> [Problem to solve] Everything from the line containing "- 4 Outputs" to the last line of the material below must be retyped exactly, both ends included; skip the pictures.

> [Data supplied]
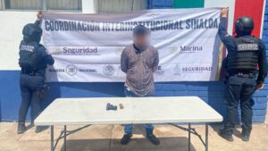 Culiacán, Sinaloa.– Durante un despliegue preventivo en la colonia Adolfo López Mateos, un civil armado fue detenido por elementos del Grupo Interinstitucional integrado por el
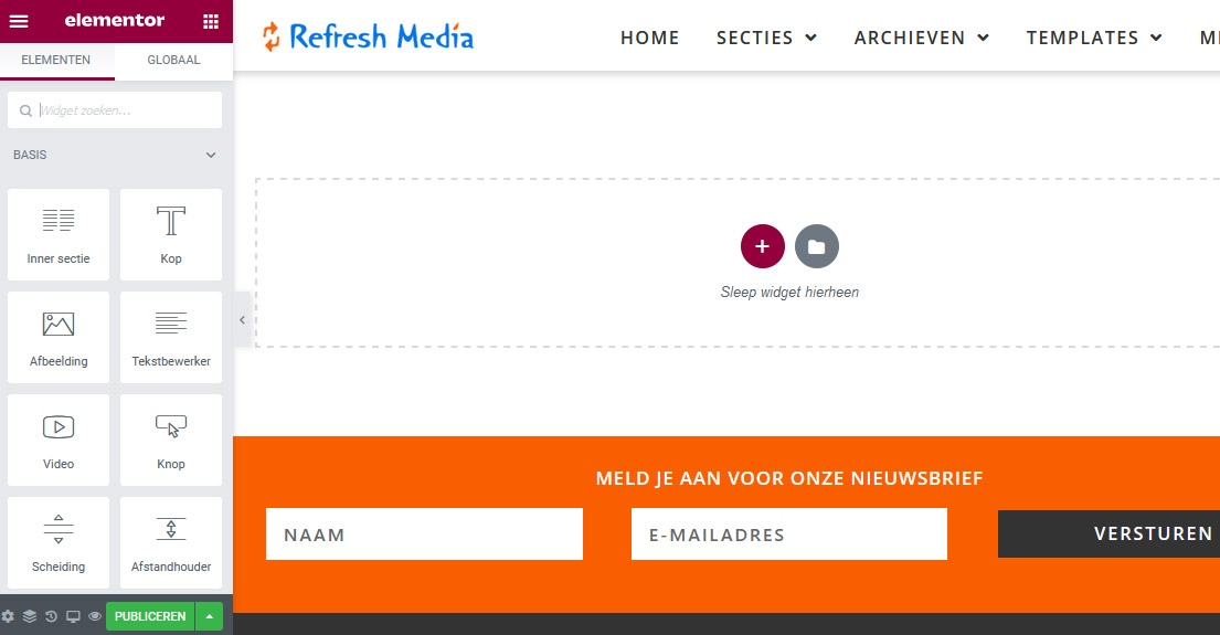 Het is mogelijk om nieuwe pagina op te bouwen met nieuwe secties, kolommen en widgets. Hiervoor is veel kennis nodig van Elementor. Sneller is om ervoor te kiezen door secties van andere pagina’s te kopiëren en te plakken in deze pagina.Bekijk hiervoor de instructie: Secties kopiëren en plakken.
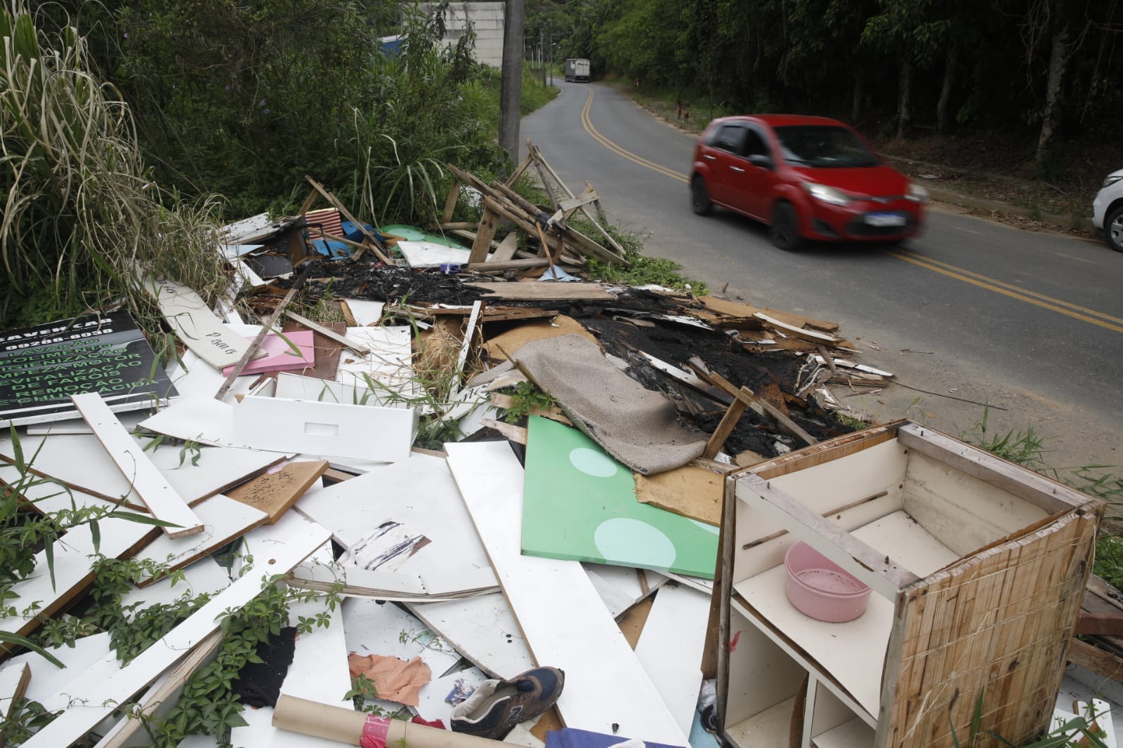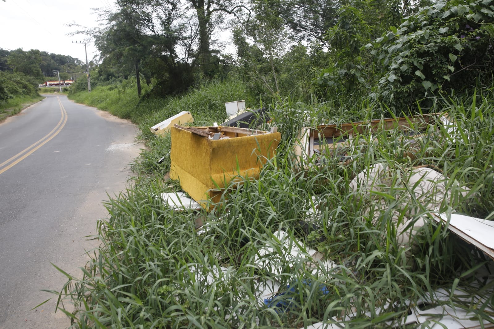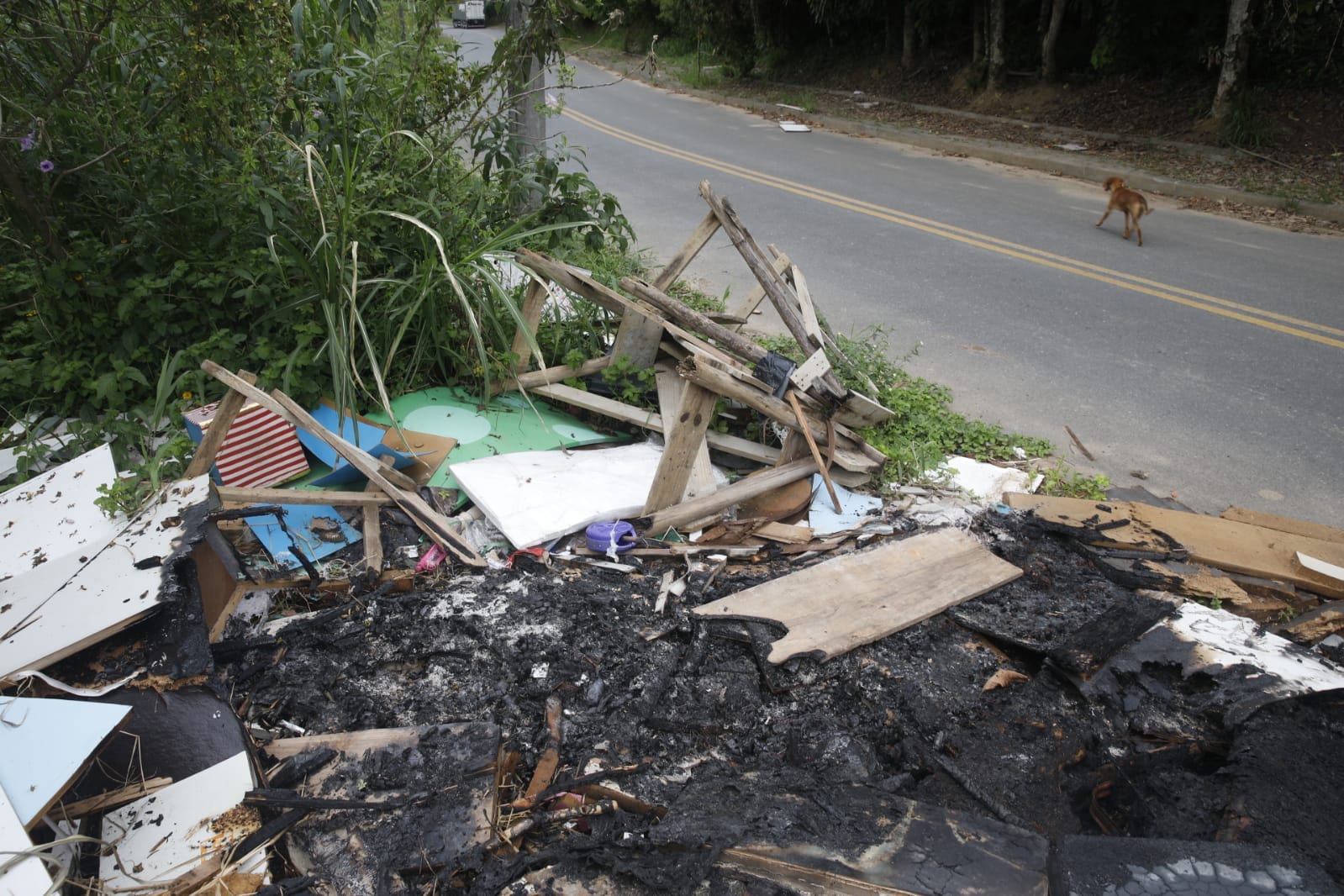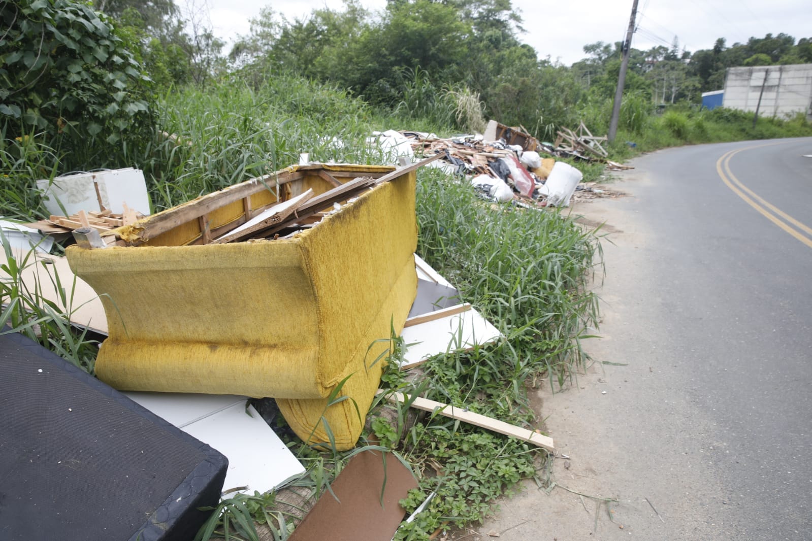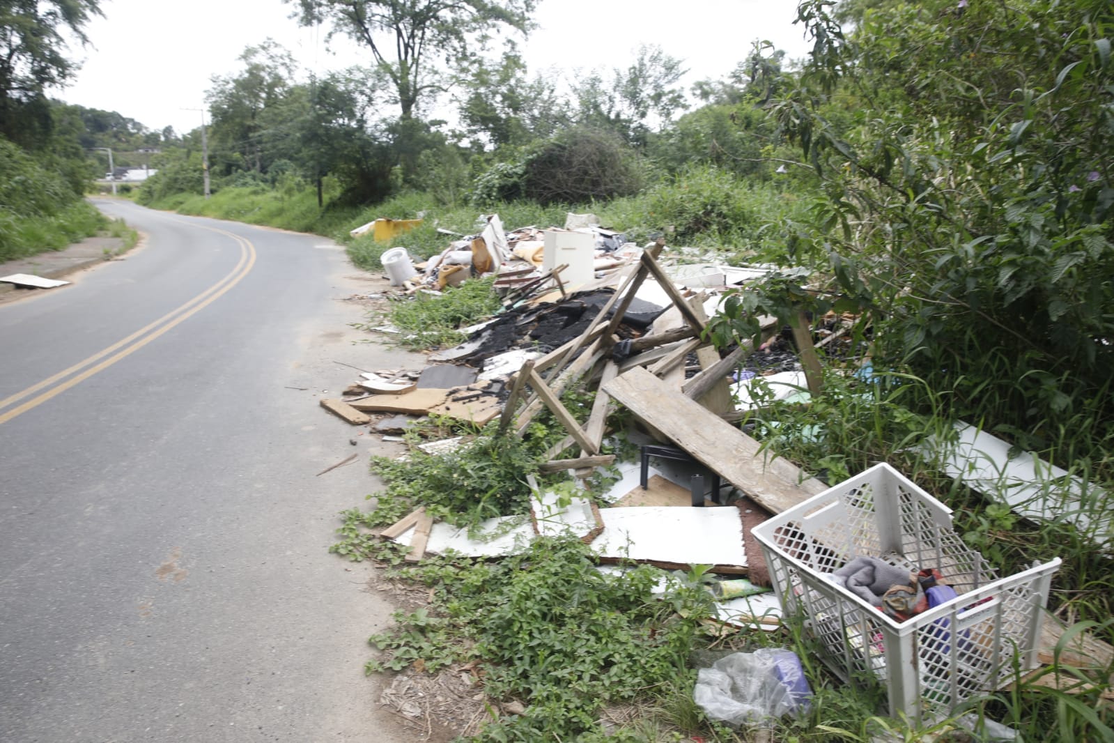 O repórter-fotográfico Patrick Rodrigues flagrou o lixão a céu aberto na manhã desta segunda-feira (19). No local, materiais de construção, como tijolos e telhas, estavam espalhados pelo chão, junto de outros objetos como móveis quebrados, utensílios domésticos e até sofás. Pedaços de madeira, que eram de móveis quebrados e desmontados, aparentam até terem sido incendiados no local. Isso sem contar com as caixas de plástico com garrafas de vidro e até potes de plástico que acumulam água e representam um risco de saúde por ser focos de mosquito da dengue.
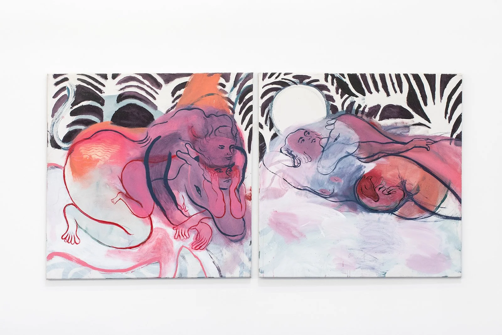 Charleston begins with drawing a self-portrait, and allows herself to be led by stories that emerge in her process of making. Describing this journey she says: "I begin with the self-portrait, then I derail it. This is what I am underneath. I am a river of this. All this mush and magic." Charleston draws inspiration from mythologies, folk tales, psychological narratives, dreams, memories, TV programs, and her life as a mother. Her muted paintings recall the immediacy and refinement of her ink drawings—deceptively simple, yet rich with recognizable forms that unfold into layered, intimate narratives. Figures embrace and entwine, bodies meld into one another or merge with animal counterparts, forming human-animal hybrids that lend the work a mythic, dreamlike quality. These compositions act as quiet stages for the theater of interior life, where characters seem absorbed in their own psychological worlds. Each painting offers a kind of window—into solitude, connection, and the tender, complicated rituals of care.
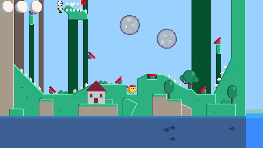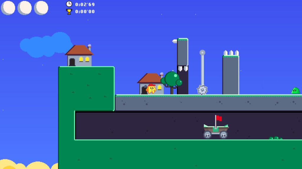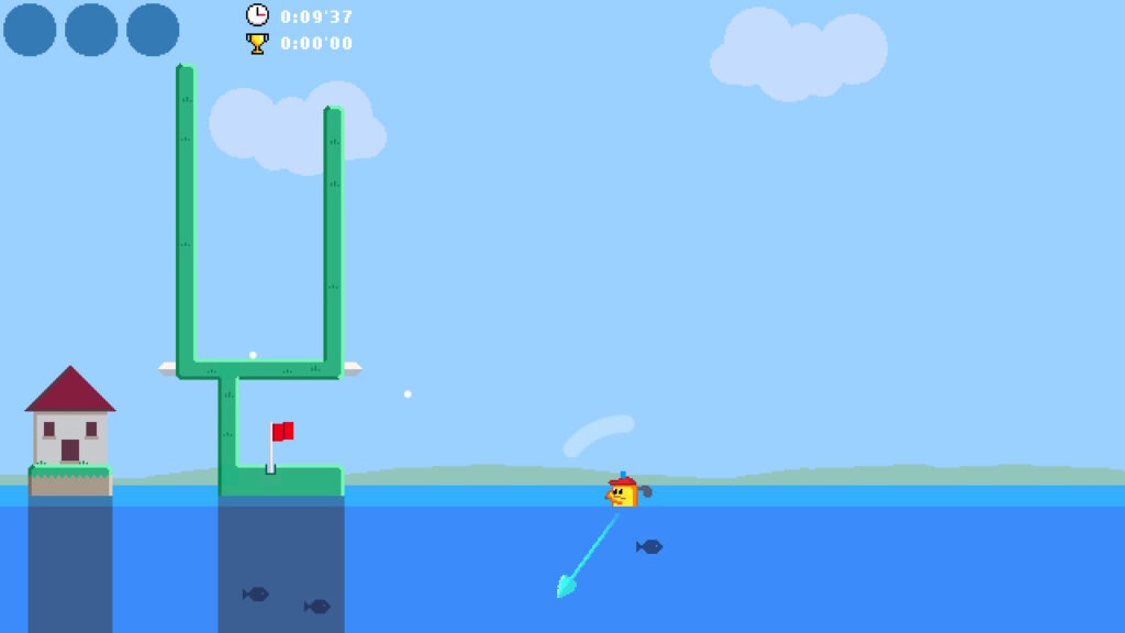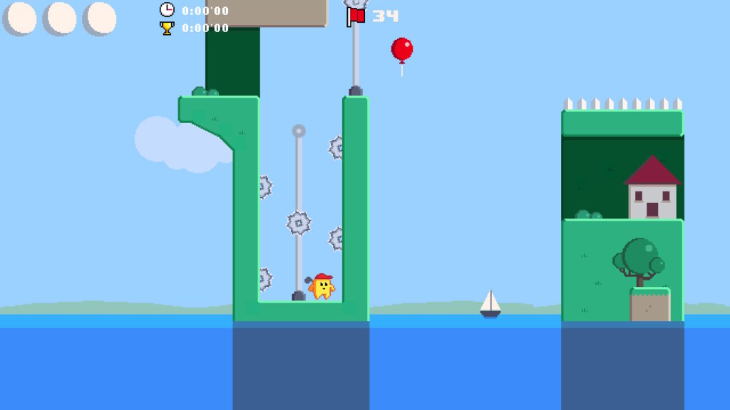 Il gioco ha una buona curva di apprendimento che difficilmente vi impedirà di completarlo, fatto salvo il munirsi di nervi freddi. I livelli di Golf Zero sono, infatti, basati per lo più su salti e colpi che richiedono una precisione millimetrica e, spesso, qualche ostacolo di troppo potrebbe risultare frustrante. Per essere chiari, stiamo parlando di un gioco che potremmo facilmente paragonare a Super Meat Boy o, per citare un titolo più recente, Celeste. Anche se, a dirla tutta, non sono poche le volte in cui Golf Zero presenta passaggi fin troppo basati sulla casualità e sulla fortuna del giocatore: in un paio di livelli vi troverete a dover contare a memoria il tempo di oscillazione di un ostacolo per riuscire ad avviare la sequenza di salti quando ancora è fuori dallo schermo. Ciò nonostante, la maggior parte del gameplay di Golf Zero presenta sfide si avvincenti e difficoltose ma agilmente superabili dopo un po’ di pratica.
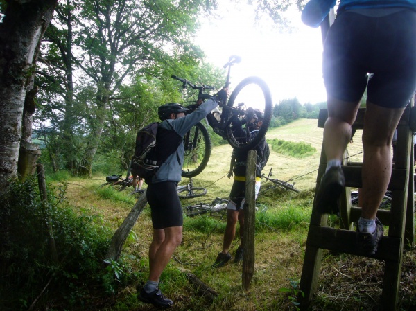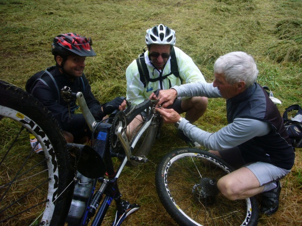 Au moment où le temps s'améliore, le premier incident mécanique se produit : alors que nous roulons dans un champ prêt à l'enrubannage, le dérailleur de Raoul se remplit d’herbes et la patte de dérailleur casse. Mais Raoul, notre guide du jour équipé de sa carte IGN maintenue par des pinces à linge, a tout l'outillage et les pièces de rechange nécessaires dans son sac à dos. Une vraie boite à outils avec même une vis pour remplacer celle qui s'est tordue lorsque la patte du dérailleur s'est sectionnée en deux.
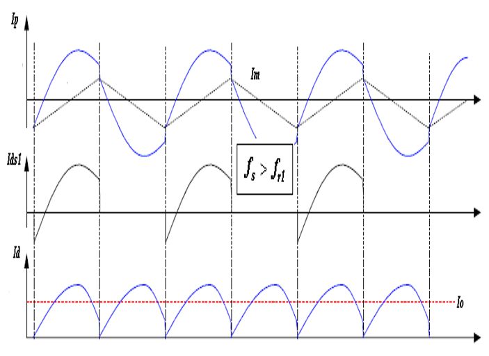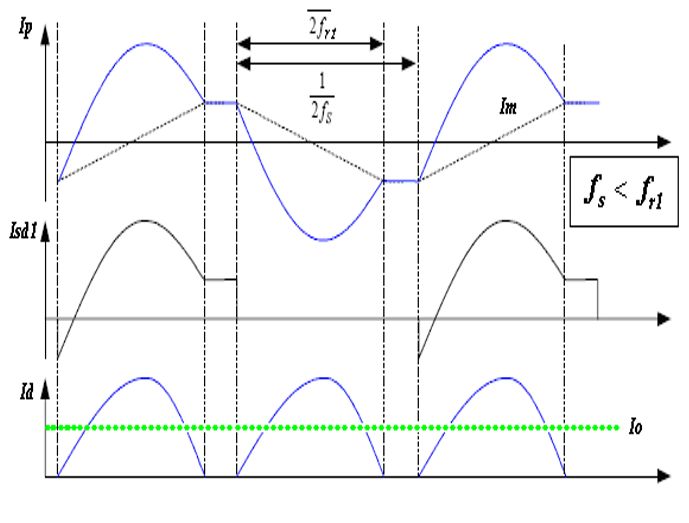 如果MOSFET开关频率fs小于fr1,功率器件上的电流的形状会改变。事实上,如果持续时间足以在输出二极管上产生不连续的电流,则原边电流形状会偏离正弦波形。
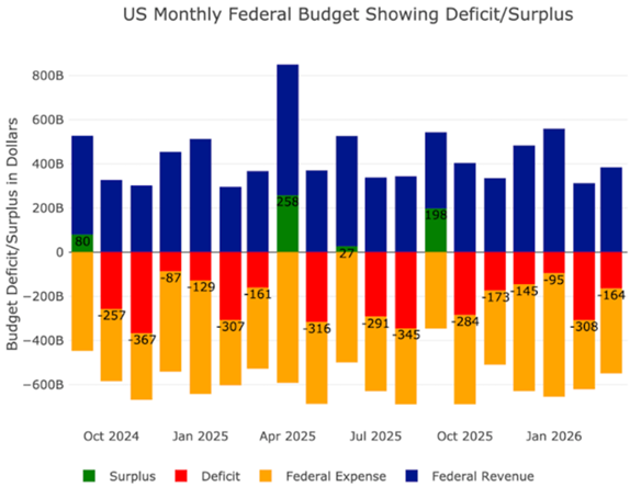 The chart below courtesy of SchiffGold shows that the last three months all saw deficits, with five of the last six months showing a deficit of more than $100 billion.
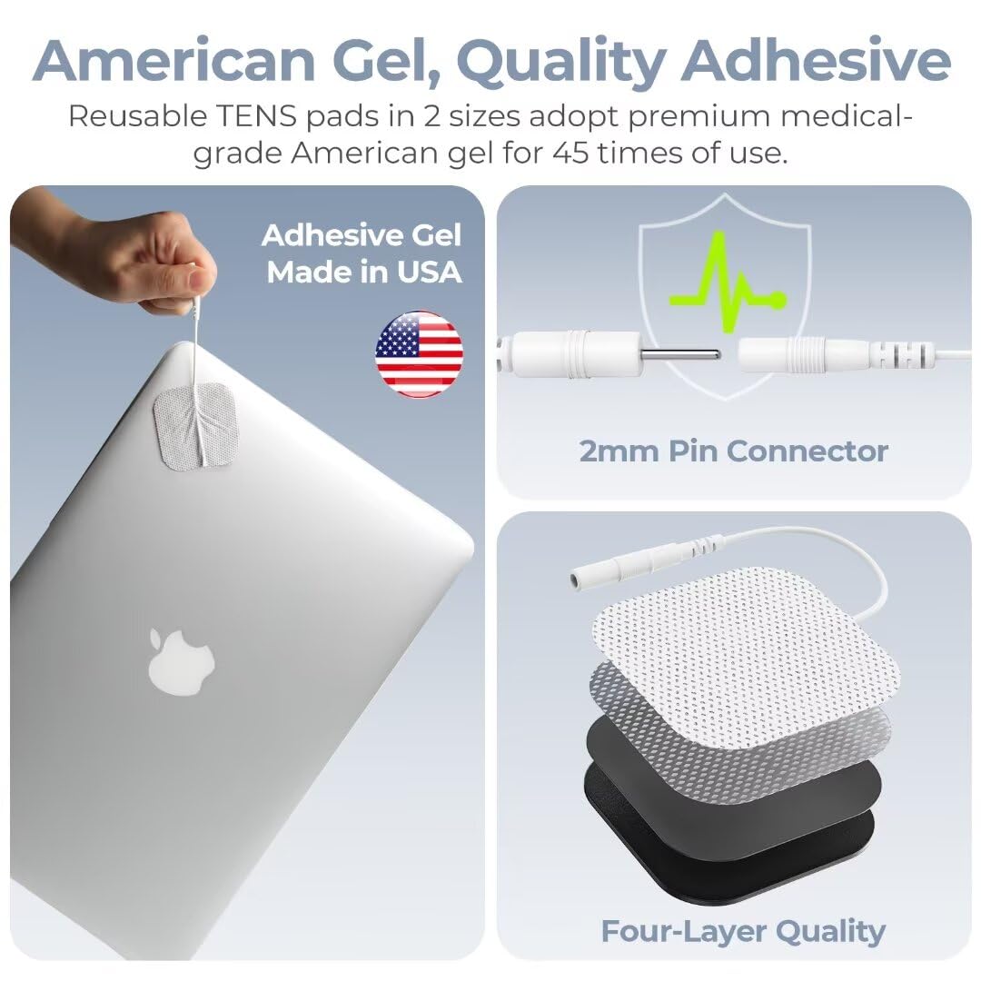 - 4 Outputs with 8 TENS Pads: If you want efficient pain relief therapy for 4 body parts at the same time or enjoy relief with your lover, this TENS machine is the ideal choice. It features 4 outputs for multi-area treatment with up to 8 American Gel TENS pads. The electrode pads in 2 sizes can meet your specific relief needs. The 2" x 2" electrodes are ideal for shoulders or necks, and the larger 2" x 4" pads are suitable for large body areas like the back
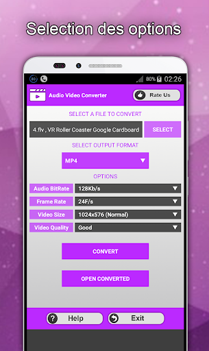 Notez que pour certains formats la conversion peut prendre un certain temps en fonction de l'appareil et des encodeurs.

> [Solution to this problem]
 - 4 Outputs with 8 TENS Pads: If you want efficient pain relief therapy for 4 body parts at the same time or enjoy relief with your lover, this TENS machine is the ideal choice. It features 4 outputs for multi-area treatment with up to 8 American Gel TENS pads. The electrode pads in 2 sizes can meet your specific relief needs. The 2" x 2" electrodes are ideal for shoulders or necks, and the larger 2" x 4" pads are suitable for large body areas like the back
 Notez que pour certains formats la conversion peut prendre un certain temps en fonction de l'appareil et des encodeurs.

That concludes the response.